Bisnis.com, JAKARTA - Dewan Jaminan Sosial Nasional (DJSN) menegaskan bahwa program perlindungan jaminan sosial ketenagakerjaan bagi pegawai pemerintah dengan perjanjian kerja (PPPK) dan pekerja nonaparatur sipil negara (ASN) sejatinya hanya diselenggarakan oleh Badan Penyelenggara Jaminan Sosial (BPJS) Ketenagakerjaan.
Penegasan DJSN tersebut mengacu pada terbitnya Peraturan Pemerintah (PP) No. 49/2018 tentang Manajemen PPPK. PP tersebut merupakan implementasi dari isi UU No 40/2004 tentang Sistem Jaminan Sosial Nasional (SJSN).
Adapun, isi UU tersebut menegaskan bahwa program perlindungan jaminan sosial ketenagakerjaan diselenggarakan oleh BPJS Ketenagakerjaan.
Anggota DJSN dari unsur pemberi kerja Soeprayitno mengatakan, berdasarkan UU SJSN dan UU No. 24/2011 tentang BPJS, PT Taspen tidak termasuk dalam badan yang menyelenggarakan jaminan sosial.
Dengan demikian, jelasnya, yang berhak untuk menyelenggarakan jaminan sosial berupa jaminan kematian dan kecelakaan kerja bagi ASN dan non-ASN adalah BPJS Ketenagakerjaan.
Menurutnya, PT Taspen mengklaim bahwa perseroan adalah BPJS untuk ASN, tetapi di UU SJSN maupun BPJS, PT Taspen sendiri harus terintegrasi dengan BPJS.
“Artinya, jika PP itu terbit, konsiderannya harus disesuaikan dengan UU SJSN dan UU BPJS, yang sebenarnya itu [Taspen] tidak ada, harus terintegrasi dengan BPJS,” ujar Soeprayitno dalam keterangan pers yang diterima, Kamis (7/2/2018).
Dia menegaskan bahwa jika PT Taspen ingin mengelola jaminan sosial ketenagakerjaan untuk ASN, PPPK serta pekerja non-ASN, prosesnya menjadi lebih rumit karena harus mengamendemen UU BPJS.
Dia menyarankan, agar tidak terjadi polemik antara Taspen dan BPJS Ketenagakerjaan, dua institusi ini bisa berdialog untuk menemukan solusi terhadap jaminan sosial bagi ASN dan non-ASN.
Pasalnya, jaminan dari BPJS Ketenagakerjaan sudah komprehensif ada jaminan kecelakaan kerja, jaminan kematian, jaminan hari tua dan jaminan pensiun.
“UU BPJS harus jadi acuan dalam penyelenggaraan jaminan sosial.

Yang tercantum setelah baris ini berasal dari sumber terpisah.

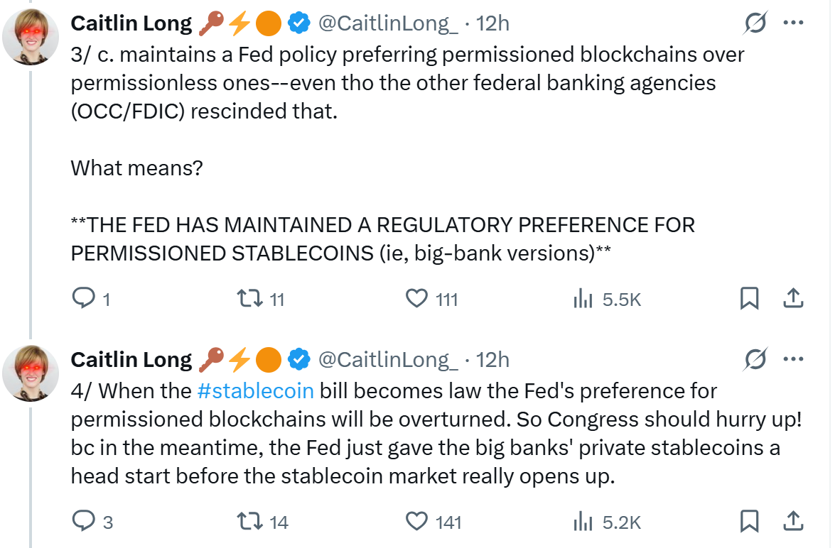 Кейтлин Лонг, основатель и генеральный директор Custodia Bank, подверг критике Федеральный резерв США за тихо поддержание ключевой политики антикриптовалюты, которая способствует выпущенным крупным банкам стаблеков, несмотря на расслабляющие правила партнерства в криптовалюте для банков.

Harus diselaraskan aturannya. Kalau tidak mau ya UU-nya direvisi atau dikeluarkan Perpu,” tandasnya.
Hal senada juga ditegaskan Koordinator Advokasi BPJS Watch Timboel Siregar yang menilai seharusnya tidak ada lagi polemik terkait pengelolaan jaminan sosial ketenagakerjaan di Indonesia, karena jika mengacu kepada UU SJSN, seharusnya pelaksanaan jaminan sosial PPPK dan honorer harus dikelola oleh BPJS Ketenagakerjaan.